What you will do:
Print the entries once more, unchanged.
Start of Data
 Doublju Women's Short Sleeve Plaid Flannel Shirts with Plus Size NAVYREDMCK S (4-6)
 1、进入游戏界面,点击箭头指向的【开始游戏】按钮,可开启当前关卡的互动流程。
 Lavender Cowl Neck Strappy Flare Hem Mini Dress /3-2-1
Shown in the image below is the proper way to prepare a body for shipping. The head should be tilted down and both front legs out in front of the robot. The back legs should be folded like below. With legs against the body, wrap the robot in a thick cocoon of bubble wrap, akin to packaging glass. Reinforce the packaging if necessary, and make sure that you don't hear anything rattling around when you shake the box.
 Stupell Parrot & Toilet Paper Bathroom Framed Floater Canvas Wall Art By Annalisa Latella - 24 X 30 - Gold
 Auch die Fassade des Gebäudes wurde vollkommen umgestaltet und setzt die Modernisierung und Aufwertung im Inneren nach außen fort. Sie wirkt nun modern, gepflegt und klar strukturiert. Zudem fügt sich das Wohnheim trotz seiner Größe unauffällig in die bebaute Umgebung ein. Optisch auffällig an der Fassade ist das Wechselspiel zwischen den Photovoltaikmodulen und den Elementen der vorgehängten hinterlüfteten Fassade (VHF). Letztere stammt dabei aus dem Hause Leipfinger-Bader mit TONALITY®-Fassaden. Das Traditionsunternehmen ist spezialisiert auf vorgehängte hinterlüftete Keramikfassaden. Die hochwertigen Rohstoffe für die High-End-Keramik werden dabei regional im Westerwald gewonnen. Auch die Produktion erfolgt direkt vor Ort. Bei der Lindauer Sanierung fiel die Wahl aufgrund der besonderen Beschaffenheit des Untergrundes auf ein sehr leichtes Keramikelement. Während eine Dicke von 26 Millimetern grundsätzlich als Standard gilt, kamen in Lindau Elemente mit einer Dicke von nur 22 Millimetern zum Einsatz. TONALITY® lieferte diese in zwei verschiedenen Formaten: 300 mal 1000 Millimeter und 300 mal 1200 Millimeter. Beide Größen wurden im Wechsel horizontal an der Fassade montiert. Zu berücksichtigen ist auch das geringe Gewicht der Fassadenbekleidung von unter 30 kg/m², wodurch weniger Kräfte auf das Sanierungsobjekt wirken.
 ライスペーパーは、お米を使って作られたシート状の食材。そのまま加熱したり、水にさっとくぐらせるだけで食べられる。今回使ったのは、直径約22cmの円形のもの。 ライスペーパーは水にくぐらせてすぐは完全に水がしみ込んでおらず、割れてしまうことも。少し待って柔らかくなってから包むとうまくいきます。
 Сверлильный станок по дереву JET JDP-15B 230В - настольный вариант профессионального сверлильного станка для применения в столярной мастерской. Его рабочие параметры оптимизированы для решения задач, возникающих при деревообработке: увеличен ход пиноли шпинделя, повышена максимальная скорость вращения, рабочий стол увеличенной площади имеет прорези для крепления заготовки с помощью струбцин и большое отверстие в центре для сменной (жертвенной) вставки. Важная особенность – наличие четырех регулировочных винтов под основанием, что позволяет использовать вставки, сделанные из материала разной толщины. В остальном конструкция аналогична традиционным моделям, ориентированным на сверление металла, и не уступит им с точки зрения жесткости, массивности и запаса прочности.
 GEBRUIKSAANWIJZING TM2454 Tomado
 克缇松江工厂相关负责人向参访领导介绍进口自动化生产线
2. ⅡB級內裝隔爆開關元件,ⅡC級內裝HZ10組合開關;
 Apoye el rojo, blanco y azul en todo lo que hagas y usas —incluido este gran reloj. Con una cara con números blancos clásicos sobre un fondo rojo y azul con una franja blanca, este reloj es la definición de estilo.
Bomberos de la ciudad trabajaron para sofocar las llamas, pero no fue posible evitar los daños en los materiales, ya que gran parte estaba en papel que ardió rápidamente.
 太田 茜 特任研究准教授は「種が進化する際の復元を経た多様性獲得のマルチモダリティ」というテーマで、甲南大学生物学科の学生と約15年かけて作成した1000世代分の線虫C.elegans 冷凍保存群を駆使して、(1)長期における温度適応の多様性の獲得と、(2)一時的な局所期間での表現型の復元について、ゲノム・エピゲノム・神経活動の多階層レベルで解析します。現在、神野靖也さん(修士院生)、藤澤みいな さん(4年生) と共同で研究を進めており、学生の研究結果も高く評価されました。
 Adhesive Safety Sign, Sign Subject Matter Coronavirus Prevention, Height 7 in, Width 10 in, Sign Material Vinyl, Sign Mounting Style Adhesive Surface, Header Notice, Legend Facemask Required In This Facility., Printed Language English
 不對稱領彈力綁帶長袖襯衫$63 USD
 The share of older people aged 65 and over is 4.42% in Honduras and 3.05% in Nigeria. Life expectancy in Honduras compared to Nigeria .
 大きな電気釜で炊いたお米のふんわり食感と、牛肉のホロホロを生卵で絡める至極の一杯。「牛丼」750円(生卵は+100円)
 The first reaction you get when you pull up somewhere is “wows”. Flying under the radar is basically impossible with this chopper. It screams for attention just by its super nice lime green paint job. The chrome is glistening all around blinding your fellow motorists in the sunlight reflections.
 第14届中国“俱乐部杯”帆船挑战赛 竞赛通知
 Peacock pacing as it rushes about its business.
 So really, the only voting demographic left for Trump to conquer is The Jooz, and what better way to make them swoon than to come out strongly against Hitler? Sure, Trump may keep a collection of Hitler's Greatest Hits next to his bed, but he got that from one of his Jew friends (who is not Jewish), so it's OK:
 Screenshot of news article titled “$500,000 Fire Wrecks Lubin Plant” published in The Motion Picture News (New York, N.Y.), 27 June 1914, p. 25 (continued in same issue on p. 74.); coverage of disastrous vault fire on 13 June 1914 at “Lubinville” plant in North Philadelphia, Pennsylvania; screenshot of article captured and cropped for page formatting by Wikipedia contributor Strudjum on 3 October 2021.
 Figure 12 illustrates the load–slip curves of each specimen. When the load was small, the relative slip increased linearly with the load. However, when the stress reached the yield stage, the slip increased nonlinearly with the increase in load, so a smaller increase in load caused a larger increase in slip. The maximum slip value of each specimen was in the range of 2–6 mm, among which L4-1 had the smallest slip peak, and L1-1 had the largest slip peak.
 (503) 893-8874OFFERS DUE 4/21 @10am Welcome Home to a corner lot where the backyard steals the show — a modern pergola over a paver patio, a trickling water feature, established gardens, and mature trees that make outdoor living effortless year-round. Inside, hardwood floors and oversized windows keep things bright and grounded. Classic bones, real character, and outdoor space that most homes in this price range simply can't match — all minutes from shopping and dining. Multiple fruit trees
End of Data
Task answer:
 Doublju Women's Short Sleeve Plaid Flannel Shirts with Plus Size NAVYREDMCK S (4-6)
 1、进入游戏界面,点击箭头指向的【开始游戏】按钮,可开启当前关卡的互动流程。
 Lavender Cowl Neck Strappy Flare Hem Mini Dress /3-2-1
Shown in the image below is the proper way to prepare a body for shipping. The head should be tilted down and both front legs out in front of the robot. The back legs should be folded like below. With legs against the body, wrap the robot in a thick cocoon of bubble wrap, akin to packaging glass. Reinforce the packaging if necessary, and make sure that you don't hear anything rattling around when you shake the box.
 Stupell Parrot & Toilet Paper Bathroom Framed Floater Canvas Wall Art By Annalisa Latella - 24 X 30 - Gold
 Auch die Fassade des Gebäudes wurde vollkommen umgestaltet und setzt die Modernisierung und Aufwertung im Inneren nach außen fort. Sie wirkt nun modern, gepflegt und klar strukturiert. Zudem fügt sich das Wohnheim trotz seiner Größe unauffällig in die bebaute Umgebung ein. Optisch auffällig an der Fassade ist das Wechselspiel zwischen den Photovoltaikmodulen und den Elementen der vorgehängten hinterlüfteten Fassade (VHF). Letztere stammt dabei aus dem Hause Leipfinger-Bader mit TONALITY®-Fassaden. Das Traditionsunternehmen ist spezialisiert auf vorgehängte hinterlüftete Keramikfassaden. Die hochwertigen Rohstoffe für die High-End-Keramik werden dabei regional im Westerwald gewonnen. Auch die Produktion erfolgt direkt vor Ort. Bei der Lindauer Sanierung fiel die Wahl aufgrund der besonderen Beschaffenheit des Untergrundes auf ein sehr leichtes Keramikelement. Während eine Dicke von 26 Millimetern grundsätzlich als Standard gilt, kamen in Lindau Elemente mit einer Dicke von nur 22 Millimetern zum Einsatz. TONALITY® lieferte diese in zwei verschiedenen Formaten: 300 mal 1000 Millimeter und 300 mal 1200 Millimeter. Beide Größen wurden im Wechsel horizontal an der Fassade montiert. Zu berücksichtigen ist auch das geringe Gewicht der Fassadenbekleidung von unter 30 kg/m², wodurch weniger Kräfte auf das Sanierungsobjekt wirken.
 ライスペーパーは、お米を使って作られたシート状の食材。そのまま加熱したり、水にさっとくぐらせるだけで食べられる。今回使ったのは、直径約22cmの円形のもの。 ライスペーパーは水にくぐらせてすぐは完全に水がしみ込んでおらず、割れてしまうことも。少し待って柔らかくなってから包むとうまくいきます。
 Сверлильный станок по дереву JET JDP-15B 230В - настольный вариант профессионального сверлильного станка для применения в столярной мастерской. Его рабочие параметры оптимизированы для решения задач, возникающих при деревообработке: увеличен ход пиноли шпинделя, повышена максимальная скорость вращения, рабочий стол увеличенной площади имеет прорези для крепления заготовки с помощью струбцин и большое отверстие в центре для сменной (жертвенной) вставки. Важная особенность – наличие четырех регулировочных винтов под основанием, что позволяет использовать вставки, сделанные из материала разной толщины. В остальном конструкция аналогична традиционным моделям, ориентированным на сверление металла, и не уступит им с точки зрения жесткости, массивности и запаса прочности.
 GEBRUIKSAANWIJZING TM2454 Tomado
 克缇松江工厂相关负责人向参访领导介绍进口自动化生产线
2. ⅡB級內裝隔爆開關元件,ⅡC級內裝HZ10組合開關;
 Apoye el rojo, blanco y azul en todo lo que hagas y usas —incluido este gran reloj. Con una cara con números blancos clásicos sobre un fondo rojo y azul con una franja blanca, este reloj es la definición de estilo.
Bomberos de la ciudad trabajaron para sofocar las llamas, pero no fue posible evitar los daños en los materiales, ya que gran parte estaba en papel que ardió rápidamente.
 太田 茜 特任研究准教授は「種が進化する際の復元を経た多様性獲得のマルチモダリティ」というテーマで、甲南大学生物学科の学生と約15年かけて作成した1000世代分の線虫C.elegans 冷凍保存群を駆使して、(1)長期における温度適応の多様性の獲得と、(2)一時的な局所期間での表現型の復元について、ゲノム・エピゲノム・神経活動の多階層レベルで解析します。現在、神野靖也さん(修士院生)、藤澤みいな さん(4年生) と共同で研究を進めており、学生の研究結果も高く評価されました。
 Adhesive Safety Sign, Sign Subject Matter Coronavirus Prevention, Height 7 in, Width 10 in, Sign Material Vinyl, Sign Mounting Style Adhesive Surface, Header Notice, Legend Facemask Required In This Facility., Printed Language English
 不對稱領彈力綁帶長袖襯衫$63 USD
 The share of older people aged 65 and over is 4.42% in Honduras and 3.05% in Nigeria. Life expectancy in Honduras compared to Nigeria .
 大きな電気釜で炊いたお米のふんわり食感と、牛肉のホロホロを生卵で絡める至極の一杯。「牛丼」750円(生卵は+100円)
 The first reaction you get when you pull up somewhere is “wows”. Flying under the radar is basically impossible with this chopper. It screams for attention just by its super nice lime green paint job. The chrome is glistening all around blinding your fellow motorists in the sunlight reflections.
 第14届中国“俱乐部杯”帆船挑战赛 竞赛通知
 Peacock pacing as it rushes about its business.
 So really, the only voting demographic left for Trump to conquer is The Jooz, and what better way to make them swoon than to come out strongly against Hitler? Sure, Trump may keep a collection of Hitler's Greatest Hits next to his bed, but he got that from one of his Jew friends (who is not Jewish), so it's OK:
 Screenshot of news article titled “$500,000 Fire Wrecks Lubin Plant” published in The Motion Picture News (New York, N.Y.), 27 June 1914, p. 25 (continued in same issue on p. 74.); coverage of disastrous vault fire on 13 June 1914 at “Lubinville” plant in North Philadelphia, Pennsylvania; screenshot of article captured and cropped for page formatting by Wikipedia contributor Strudjum on 3 October 2021.
 Figure 12 illustrates the load–slip curves of each specimen. When the load was small, the relative slip increased linearly with the load. However, when the stress reached the yield stage, the slip increased nonlinearly with the increase in load, so a smaller increase in load caused a larger increase in slip. The maximum slip value of each specimen was in the range of 2–6 mm, among which L4-1 had the smallest slip peak, and L1-1 had the largest slip peak.
 (503) 893-8874OFFERS DUE 4/21 @10am Welcome Home to a corner lot where the backyard steals the show — a modern pergola over a paver patio, a trickling water feature, established gardens, and mature trees that make outdoor living effortless year-round. Inside, hardwood floors and oversized windows keep things bright and grounded. Classic bones, real character, and outdoor space that most homes in this price range simply can't match — all minutes from shopping and dining. Multiple fruit trees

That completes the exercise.